Cherries grow on small to medium-sized trees, producing fruits that hang in clusters. They are generally categorized into two main types: sweet cherries (Prunus avium) and tart or sour cherries (Prunus cerasus). The sweet varieties, like Bing or Rainier, are typically enjoyed fresh, while tart varieties, like Montmorency, are often used in cooking and baking. The Evans Cherry, a cultivar of sour cherry, is particularly notable for its ability to thrive in Alberta's colder climate. Its fruits are medium-sized, with bright red skin and a delightful tartness, making them excellent for a range of culinary applications.

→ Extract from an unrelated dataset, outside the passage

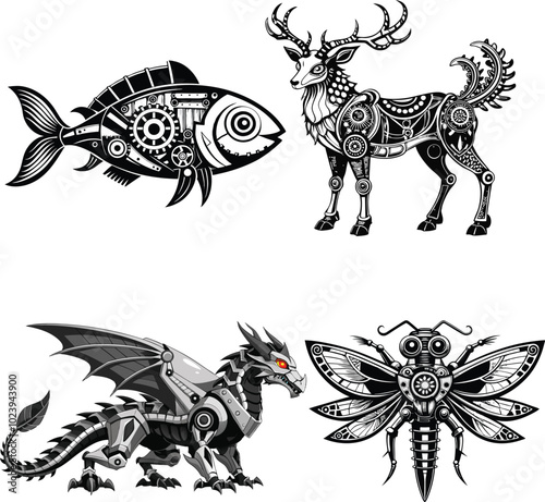 Obraz premium High-Quality Black and White Animal Silhouettes and Steampunk Mechanical Creatures Vector Collection

Cherries have ancient roots, with historical records suggesting they were consumed by prehistoric people in Europe and Asia. Their cultivation spread through ancient civilizations, becoming popular in Roman, Greek, and Chinese cultures. Fast forward to Alberta's context: the Evans Cherry's story is fascinating. Originally thought to be native to the region, it was later revealed that the variety was introduced, possibly by Russian settlers or through other means. This cherry gained popularity when plant breeder Ieuan Evans recognized its potential in the 1970s and began promoting it. Named after him, the Evans Cherry soon became a favourite among gardeners and farmers in Alberta, appreciated for its frost resistance and the delicious tart cherries it produces.

Ways To Cook

Cherries, including the Evans variety, are versatile in the kitchen. Fresh cherries can be washed and eaten straight from the tree, their juicy sweetness bursting with every bite. When it comes to tart cherries like Evan's, they shine in pies, tarts, and jams, their tanginess perfectly balancing the sweetness of added sugars. These cherries also make exceptional sauces and compotes, which can accompany both desserts and savoury dishes, such as roasted meats.

Cherry juices and concentrates, often derived from tart cherries, are touted for their health benefits and can be enjoyed as beverages or mixed into smoothies. Evan's Cherries can also be preserved by canning or freezing, ensuring a year-round supply. Drying cherries results in chewy, sweet-tart morsels that can be added to cereals, baked goods, or trail mixes.

With a balance of sweetness and tartness, cherries, especially those hardy varieties like the Albertan Evans cherry, bring a touch of summer delight to any dish or occasion.